*ACTION ITEM:*
Each entry, from beginning to end, is to be transcribed verbatim.

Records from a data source

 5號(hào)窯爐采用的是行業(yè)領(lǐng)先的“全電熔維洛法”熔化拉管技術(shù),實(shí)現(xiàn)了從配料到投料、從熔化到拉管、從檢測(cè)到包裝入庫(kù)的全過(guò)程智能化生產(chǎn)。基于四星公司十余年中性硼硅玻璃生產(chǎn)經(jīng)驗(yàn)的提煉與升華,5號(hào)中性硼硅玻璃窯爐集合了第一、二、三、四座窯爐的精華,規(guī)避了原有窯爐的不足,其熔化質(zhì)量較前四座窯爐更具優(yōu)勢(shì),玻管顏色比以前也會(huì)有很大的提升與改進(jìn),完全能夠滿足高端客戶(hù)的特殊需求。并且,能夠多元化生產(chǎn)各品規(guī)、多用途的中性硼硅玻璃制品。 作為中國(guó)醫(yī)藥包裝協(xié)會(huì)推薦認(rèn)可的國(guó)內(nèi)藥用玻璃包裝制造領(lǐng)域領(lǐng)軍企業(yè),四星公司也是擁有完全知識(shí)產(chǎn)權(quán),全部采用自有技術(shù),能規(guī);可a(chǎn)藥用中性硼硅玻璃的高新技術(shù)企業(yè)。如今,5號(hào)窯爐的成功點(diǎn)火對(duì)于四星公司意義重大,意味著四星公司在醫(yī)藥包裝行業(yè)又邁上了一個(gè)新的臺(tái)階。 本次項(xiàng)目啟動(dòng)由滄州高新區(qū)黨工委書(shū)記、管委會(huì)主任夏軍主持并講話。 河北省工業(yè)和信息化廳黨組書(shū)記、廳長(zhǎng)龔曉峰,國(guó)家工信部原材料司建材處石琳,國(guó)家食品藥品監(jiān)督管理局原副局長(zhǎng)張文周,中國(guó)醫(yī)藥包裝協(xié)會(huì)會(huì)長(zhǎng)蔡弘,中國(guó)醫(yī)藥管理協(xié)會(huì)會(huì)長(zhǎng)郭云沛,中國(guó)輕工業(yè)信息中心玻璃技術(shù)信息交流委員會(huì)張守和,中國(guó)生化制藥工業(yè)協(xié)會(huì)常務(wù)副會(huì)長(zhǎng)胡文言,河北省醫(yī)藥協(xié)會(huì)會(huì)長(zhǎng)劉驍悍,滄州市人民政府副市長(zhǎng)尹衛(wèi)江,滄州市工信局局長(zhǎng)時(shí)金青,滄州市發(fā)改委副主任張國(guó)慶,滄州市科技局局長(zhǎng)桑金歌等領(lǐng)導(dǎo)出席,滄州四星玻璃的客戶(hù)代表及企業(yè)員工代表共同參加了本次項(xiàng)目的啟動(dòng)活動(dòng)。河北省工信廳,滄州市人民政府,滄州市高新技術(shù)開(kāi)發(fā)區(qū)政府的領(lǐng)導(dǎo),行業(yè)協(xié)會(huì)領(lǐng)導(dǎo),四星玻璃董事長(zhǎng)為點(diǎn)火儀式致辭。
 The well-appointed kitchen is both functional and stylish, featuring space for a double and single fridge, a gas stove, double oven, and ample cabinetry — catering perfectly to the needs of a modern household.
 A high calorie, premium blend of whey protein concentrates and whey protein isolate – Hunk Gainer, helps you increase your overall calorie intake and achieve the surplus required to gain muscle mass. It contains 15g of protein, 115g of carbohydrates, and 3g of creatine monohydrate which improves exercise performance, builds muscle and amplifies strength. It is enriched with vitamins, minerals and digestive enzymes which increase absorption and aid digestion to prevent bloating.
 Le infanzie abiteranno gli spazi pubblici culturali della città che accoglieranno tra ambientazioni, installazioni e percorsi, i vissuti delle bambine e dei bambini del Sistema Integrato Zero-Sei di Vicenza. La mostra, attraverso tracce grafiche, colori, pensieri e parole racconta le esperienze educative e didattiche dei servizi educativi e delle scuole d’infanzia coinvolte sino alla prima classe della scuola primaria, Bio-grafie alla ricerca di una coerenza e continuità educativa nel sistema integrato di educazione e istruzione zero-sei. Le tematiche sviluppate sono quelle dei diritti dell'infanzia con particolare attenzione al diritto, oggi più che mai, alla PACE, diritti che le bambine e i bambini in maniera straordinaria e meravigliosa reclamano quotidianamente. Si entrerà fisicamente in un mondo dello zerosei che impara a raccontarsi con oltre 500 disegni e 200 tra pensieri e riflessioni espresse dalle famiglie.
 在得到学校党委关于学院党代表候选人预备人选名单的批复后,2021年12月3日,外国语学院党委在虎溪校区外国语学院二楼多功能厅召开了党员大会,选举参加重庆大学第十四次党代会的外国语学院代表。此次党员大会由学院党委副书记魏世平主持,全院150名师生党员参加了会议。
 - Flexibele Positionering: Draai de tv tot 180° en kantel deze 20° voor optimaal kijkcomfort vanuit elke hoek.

*TASK ANSWER:*
 5號(hào)窯爐采用的是行業(yè)領(lǐng)先的“全電熔維洛法”熔化拉管技術(shù),實(shí)現(xiàn)了從配料到投料、從熔化到拉管、從檢測(cè)到包裝入庫(kù)的全過(guò)程智能化生產(chǎn)。基于四星公司十余年中性硼硅玻璃生產(chǎn)經(jīng)驗(yàn)的提煉與升華,5號(hào)中性硼硅玻璃窯爐集合了第一、二、三、四座窯爐的精華,規(guī)避了原有窯爐的不足,其熔化質(zhì)量較前四座窯爐更具優(yōu)勢(shì),玻管顏色比以前也會(huì)有很大的提升與改進(jìn),完全能夠滿足高端客戶(hù)的特殊需求。并且,能夠多元化生產(chǎn)各品規(guī)、多用途的中性硼硅玻璃制品。 作為中國(guó)醫(yī)藥包裝協(xié)會(huì)推薦認(rèn)可的國(guó)內(nèi)藥用玻璃包裝制造領(lǐng)域領(lǐng)軍企業(yè),四星公司也是擁有完全知識(shí)產(chǎn)權(quán),全部采用自有技術(shù),能規(guī);可a(chǎn)藥用中性硼硅玻璃的高新技術(shù)企業(yè)。如今,5號(hào)窯爐的成功點(diǎn)火對(duì)于四星公司意義重大,意味著四星公司在醫(yī)藥包裝行業(yè)又邁上了一個(gè)新的臺(tái)階。 本次項(xiàng)目啟動(dòng)由滄州高新區(qū)黨工委書(shū)記、管委會(huì)主任夏軍主持并講話。 河北省工業(yè)和信息化廳黨組書(shū)記、廳長(zhǎng)龔曉峰,國(guó)家工信部原材料司建材處石琳,國(guó)家食品藥品監(jiān)督管理局原副局長(zhǎng)張文周,中國(guó)醫(yī)藥包裝協(xié)會(huì)會(huì)長(zhǎng)蔡弘,中國(guó)醫(yī)藥管理協(xié)會(huì)會(huì)長(zhǎng)郭云沛,中國(guó)輕工業(yè)信息中心玻璃技術(shù)信息交流委員會(huì)張守和,中國(guó)生化制藥工業(yè)協(xié)會(huì)常務(wù)副會(huì)長(zhǎng)胡文言,河北省醫(yī)藥協(xié)會(huì)會(huì)長(zhǎng)劉驍悍,滄州市人民政府副市長(zhǎng)尹衛(wèi)江,滄州市工信局局長(zhǎng)時(shí)金青,滄州市發(fā)改委副主任張國(guó)慶,滄州市科技局局長(zhǎng)桑金歌等領(lǐng)導(dǎo)出席,滄州四星玻璃的客戶(hù)代表及企業(yè)員工代表共同參加了本次項(xiàng)目的啟動(dòng)活動(dòng)。河北省工信廳,滄州市人民政府,滄州市高新技術(shù)開(kāi)發(fā)區(qū)政府的領(lǐng)導(dǎo),行業(yè)協(xié)會(huì)領(lǐng)導(dǎo),四星玻璃董事長(zhǎng)為點(diǎn)火儀式致辭。
 The well-appointed kitchen is both functional and stylish, featuring space for a double and single fridge, a gas stove, double oven, and ample cabinetry — catering perfectly to the needs of a modern household.
 A high calorie, premium blend of whey protein concentrates and whey protein isolate – Hunk Gainer, helps you increase your overall calorie intake and achieve the surplus required to gain muscle mass. It contains 15g of protein, 115g of carbohydrates, and 3g of creatine monohydrate which improves exercise performance, builds muscle and amplifies strength. It is enriched with vitamins, minerals and digestive enzymes which increase absorption and aid digestion to prevent bloating.
 Le infanzie abiteranno gli spazi pubblici culturali della città che accoglieranno tra ambientazioni, installazioni e percorsi, i vissuti delle bambine e dei bambini del Sistema Integrato Zero-Sei di Vicenza. La mostra, attraverso tracce grafiche, colori, pensieri e parole racconta le esperienze educative e didattiche dei servizi educativi e delle scuole d’infanzia coinvolte sino alla prima classe della scuola primaria, Bio-grafie alla ricerca di una coerenza e continuità educativa nel sistema integrato di educazione e istruzione zero-sei. Le tematiche sviluppate sono quelle dei diritti dell'infanzia con particolare attenzione al diritto, oggi più che mai, alla PACE, diritti che le bambine e i bambini in maniera straordinaria e meravigliosa reclamano quotidianamente. Si entrerà fisicamente in un mondo dello zerosei che impara a raccontarsi con oltre 500 disegni e 200 tra pensieri e riflessioni espresse dalle famiglie.
 在得到学校党委关于学院党代表候选人预备人选名单的批复后,2021年12月3日,外国语学院党委在虎溪校区外国语学院二楼多功能厅召开了党员大会,选举参加重庆大学第十四次党代会的外国语学院代表。此次党员大会由学院党委副书记魏世平主持,全院150名师生党员参加了会议。
 - Flexibele Positionering: Draai de tv tot 180° en kantel deze 20° voor optimaal kijkcomfort vanuit elke hoek.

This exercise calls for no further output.